47 Post author: Morendil 07 February 2012 09:45AM

You are viewing a comment permalink. View the original post to see all comments and the full post content.

Comments (150)

You are viewing a single comment's thread.

Comment author: gwern 19 February 2012 07:07:49PM 8 points [-]

"Should Computer Scientists Experiment More? 16 excuses to avoid experimentation":

In [15], 400 papers were classified. Only those papers were considered further whose claims required empirical evaluation. For example, papers that proved theorems were excluded, because mathematical theory needs no experiment. In a random sample of all papers ACM published in 1993, the study found that of the papers with claims that would need empirical backup, 40% had none at all. In journals related to software, this fraction was 50%. The same study also analyzed a non-CS journal, Optical Engineering, and found that in this journal, the fraction of papers lacking quantitative evaluation was merely 15%.

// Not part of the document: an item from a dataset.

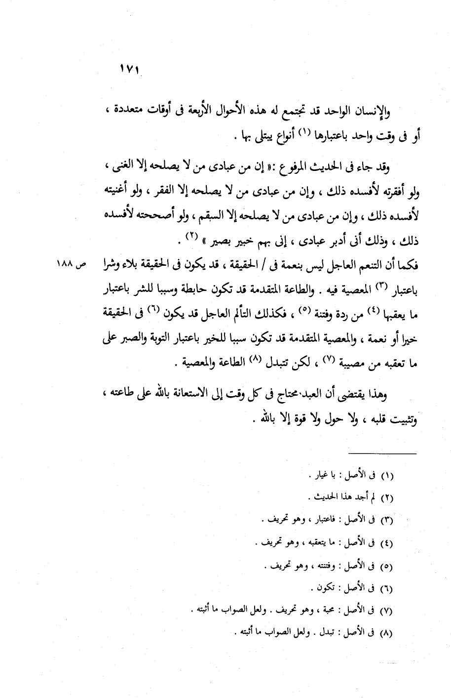 وقد جاء في الحديث المرفوع " أن من عبادي من لا يصلحه إلا الغني ولو أفقرته لأفسده ذلك وإن من عبادي من لا يصلحه إلا الفقر ولو أغنيته لأفسده ذلك وإن من عبادي من لا يصلحه إلا السقم ولو أصححته لأفسده ذلك وذلك أني أدبر عبادي إني بهم خبير بصير"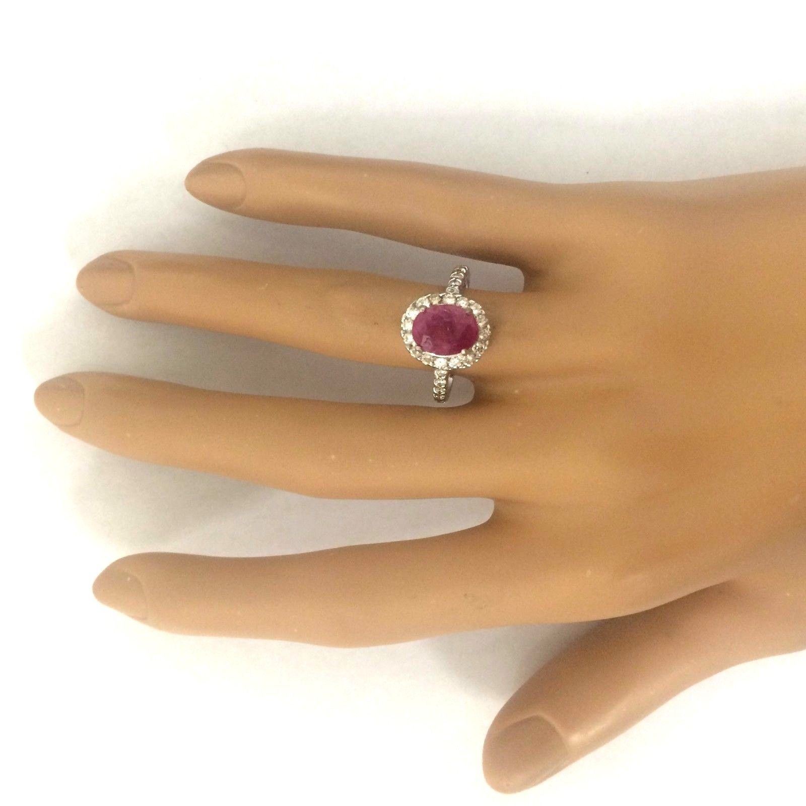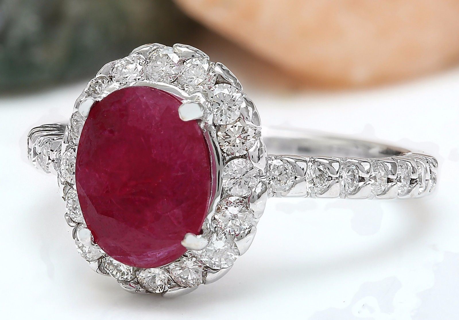 2.83 Carat Natural Ruby 18K Solid White Gold Diamond Ring

The study by Zelkowitz and Wallace [17] found similar results. When applying consistent classification schemes, both studies report between 40% and 50% unvalidated papers in software engineering. Zelkowitz and Wallace also surveyed journals in physics, psychology, and anthropology and again found much smaller percentages of unvalidated papers there than in computer science.

...Here are some examples. For about twenty years, it was thought that meetings were essential for software reviews. However, recently Porter and Johnson found that reviews without meetings are neither substantially more nor less effective than those with meetings [11]. Meeting-less reviews also cost less and cause fewer delays, which can lead to a more effective inspection process overall. Another example where observation contradicts conventional wisdom is that small software components are proportionally less reliable than larger ones. This observation was first reported by Basili [1] and has been confirmed by a number of disparate sources; see Hatton [6] for summaries and an explanatory theory. As mentioned, the failure probabilities of multi-version programs were incorrectly believed to be the product of the failure probabilities of the component versions. Another example is type checking in programming languages. Type checking is thought to reveal programming errors, but there are contexts when it does not help [12]. Pfleeger et al. [10] provides further discussion of the pitfalls of intuition.